Work instruction:
Work through the listing below and give again exactly the lines from the one with "辛柏青发了讣告,说自己老婆朱媛媛去世" to the one with "ネックラインにあしらった繊細", both ends included. All other lines and all pictures stay out.
**** Data for review
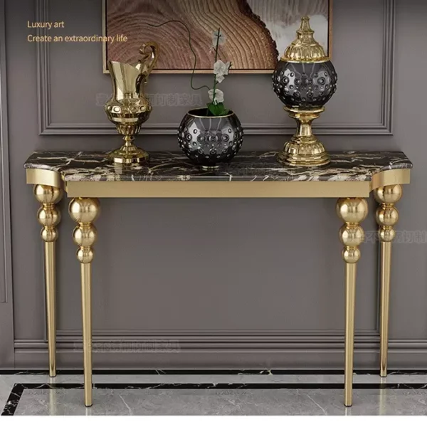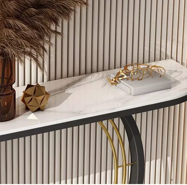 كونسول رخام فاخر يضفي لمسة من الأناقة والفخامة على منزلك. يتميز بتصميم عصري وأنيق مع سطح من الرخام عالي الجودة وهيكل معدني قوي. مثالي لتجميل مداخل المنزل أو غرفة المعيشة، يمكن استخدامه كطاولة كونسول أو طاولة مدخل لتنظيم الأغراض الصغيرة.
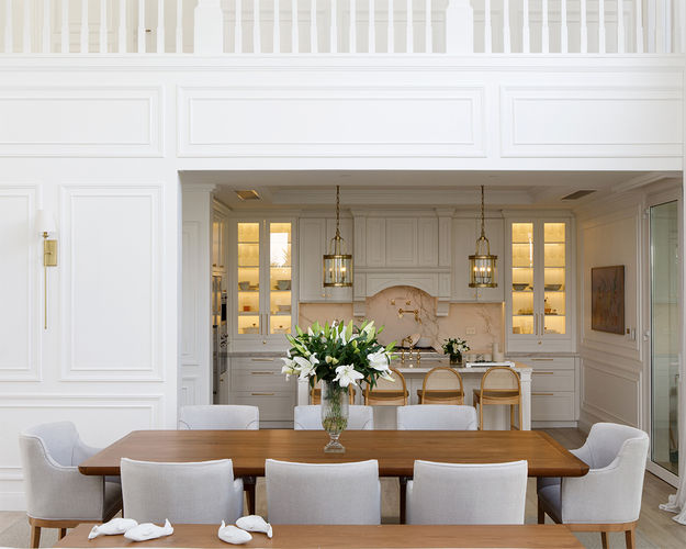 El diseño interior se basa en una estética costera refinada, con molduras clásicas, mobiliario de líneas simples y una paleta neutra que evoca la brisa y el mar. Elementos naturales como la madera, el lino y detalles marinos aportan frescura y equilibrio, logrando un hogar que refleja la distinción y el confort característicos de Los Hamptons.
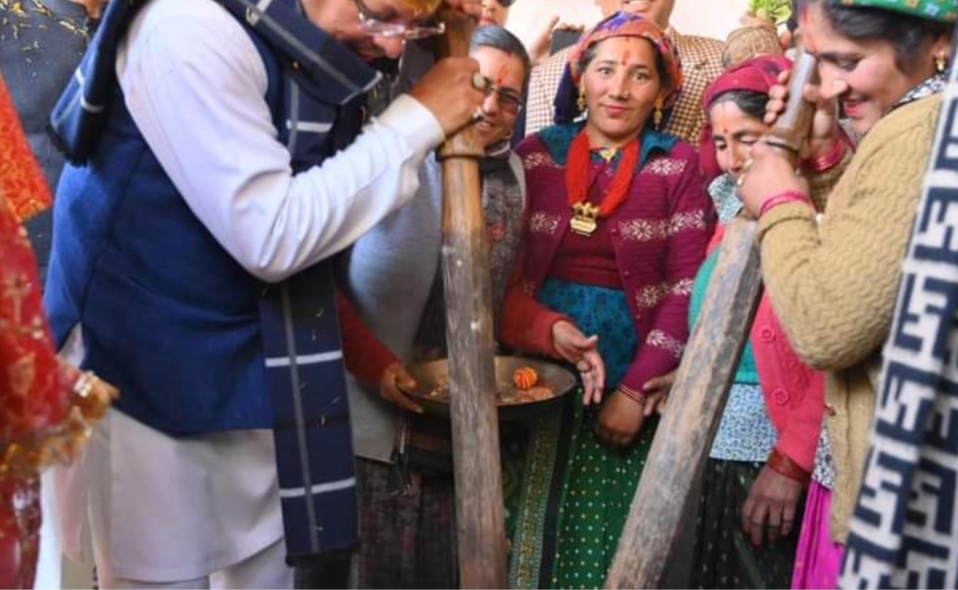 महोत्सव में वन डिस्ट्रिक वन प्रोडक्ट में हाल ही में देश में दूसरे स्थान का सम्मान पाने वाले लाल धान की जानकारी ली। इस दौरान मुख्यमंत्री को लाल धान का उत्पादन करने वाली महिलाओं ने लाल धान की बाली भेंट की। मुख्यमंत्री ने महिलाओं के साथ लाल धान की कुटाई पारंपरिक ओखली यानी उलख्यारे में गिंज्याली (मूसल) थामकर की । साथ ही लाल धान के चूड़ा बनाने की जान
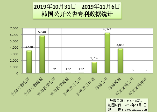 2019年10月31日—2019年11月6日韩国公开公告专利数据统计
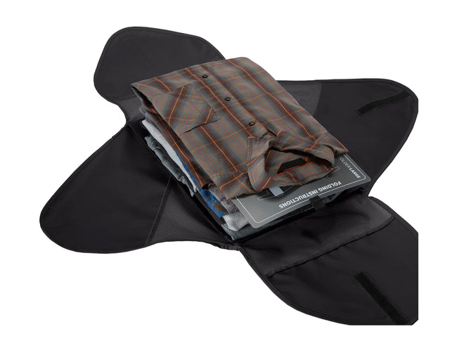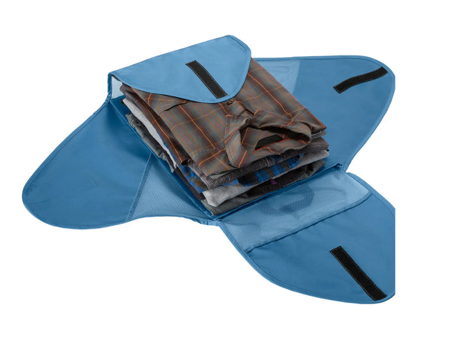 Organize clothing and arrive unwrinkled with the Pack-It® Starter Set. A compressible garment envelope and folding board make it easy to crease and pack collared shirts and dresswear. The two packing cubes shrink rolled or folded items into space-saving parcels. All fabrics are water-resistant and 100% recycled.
********
**** Data for review
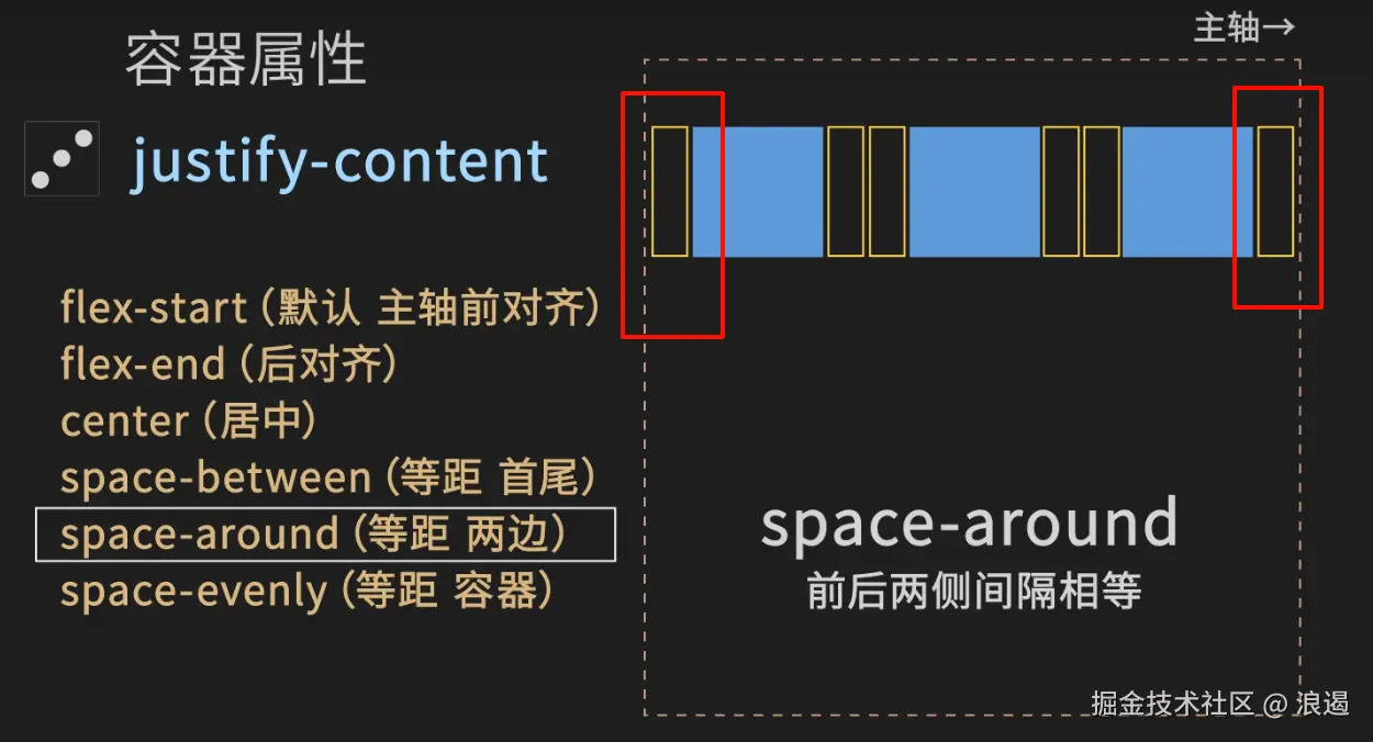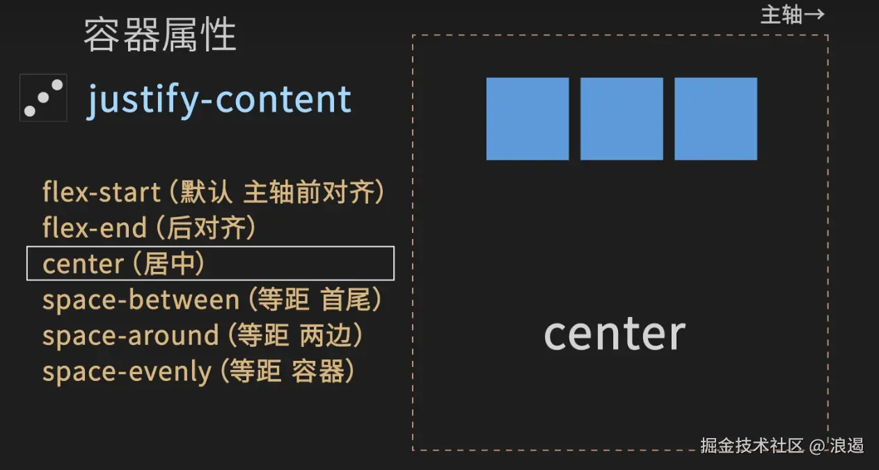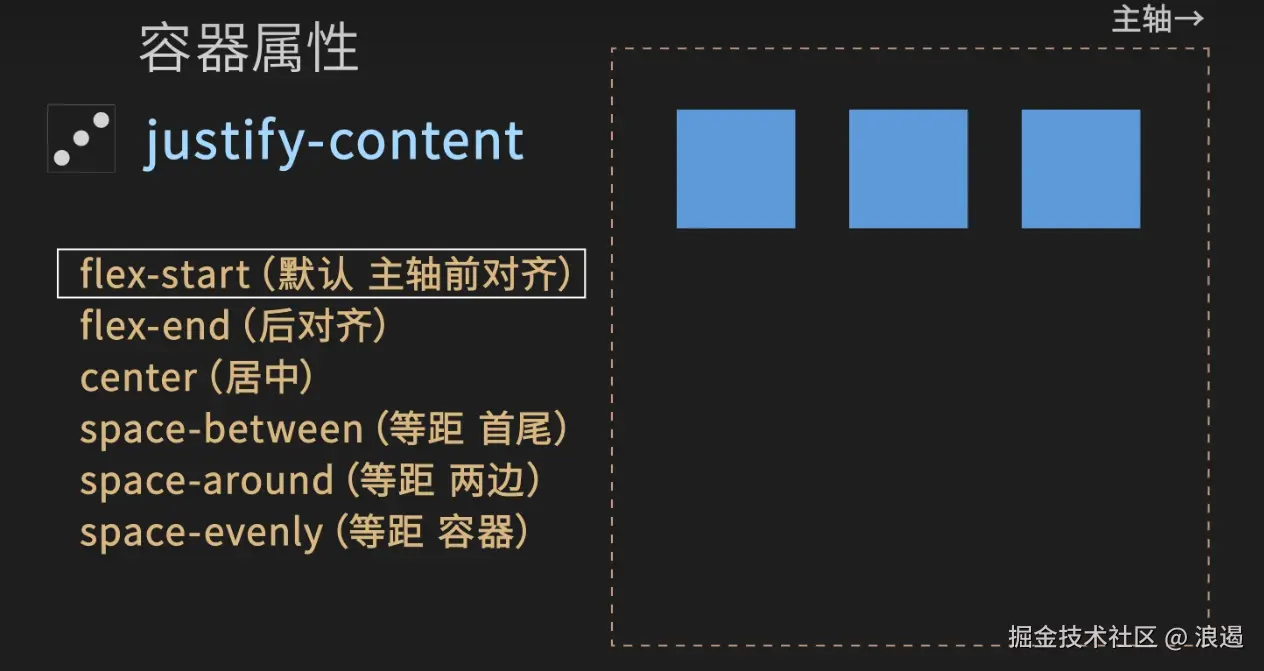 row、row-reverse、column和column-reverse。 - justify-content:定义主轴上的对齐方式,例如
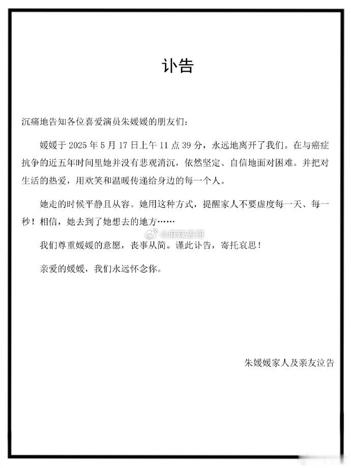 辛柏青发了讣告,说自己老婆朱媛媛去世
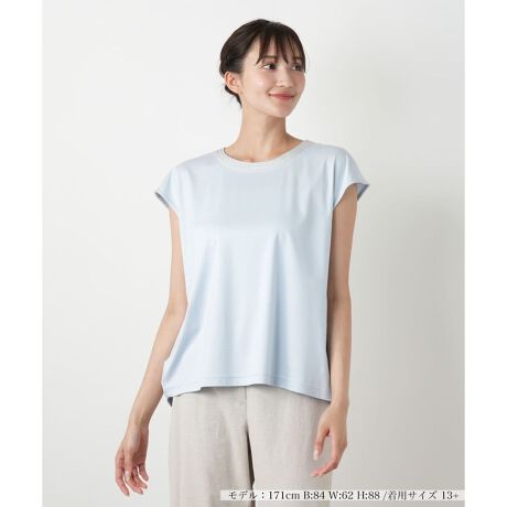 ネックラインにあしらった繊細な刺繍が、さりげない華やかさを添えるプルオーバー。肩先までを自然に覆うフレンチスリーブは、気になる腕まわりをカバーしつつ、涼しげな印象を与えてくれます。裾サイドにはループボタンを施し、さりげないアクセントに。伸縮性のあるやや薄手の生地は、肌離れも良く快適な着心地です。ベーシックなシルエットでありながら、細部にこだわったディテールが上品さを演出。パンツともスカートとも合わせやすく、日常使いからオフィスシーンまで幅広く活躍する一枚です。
********
**** Data for review
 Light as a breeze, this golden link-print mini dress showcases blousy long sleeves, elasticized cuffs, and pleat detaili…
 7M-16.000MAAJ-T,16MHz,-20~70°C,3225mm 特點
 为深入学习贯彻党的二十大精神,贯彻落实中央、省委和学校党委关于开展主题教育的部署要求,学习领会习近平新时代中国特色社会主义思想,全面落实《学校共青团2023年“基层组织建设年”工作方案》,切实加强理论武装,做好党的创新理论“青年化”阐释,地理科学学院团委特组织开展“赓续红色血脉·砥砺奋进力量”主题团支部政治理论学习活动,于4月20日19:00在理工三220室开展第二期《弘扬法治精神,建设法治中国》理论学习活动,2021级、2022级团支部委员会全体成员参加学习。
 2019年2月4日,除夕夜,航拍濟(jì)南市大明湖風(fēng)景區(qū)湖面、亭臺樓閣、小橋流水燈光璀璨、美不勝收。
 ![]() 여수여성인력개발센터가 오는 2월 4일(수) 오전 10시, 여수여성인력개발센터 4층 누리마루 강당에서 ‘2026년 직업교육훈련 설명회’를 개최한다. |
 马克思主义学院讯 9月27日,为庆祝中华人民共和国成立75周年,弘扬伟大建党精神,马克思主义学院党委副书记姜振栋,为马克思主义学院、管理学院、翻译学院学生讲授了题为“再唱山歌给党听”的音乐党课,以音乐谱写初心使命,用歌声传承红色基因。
********
Task solution:
 辛柏青发了讣告,说自己老婆朱媛媛去世
 ネックラインにあしらった繊細な刺繍が、さりげない華やかさを添えるプルオーバー。肩先までを自然に覆うフレンチスリーブは、気になる腕まわりをカバーしつつ、涼しげな印象を与えてくれます。裾サイドにはループボタンを施し、さりげないアクセントに。伸縮性のあるやや薄手の生地は、肌離れも良く快適な着心地です。ベーシックなシルエットでありながら、細部にこだわったディテールが上品さを演出。パンツともスカートとも合わせやすく、日常使いからオフィスシーンまで幅広く活躍する一枚です。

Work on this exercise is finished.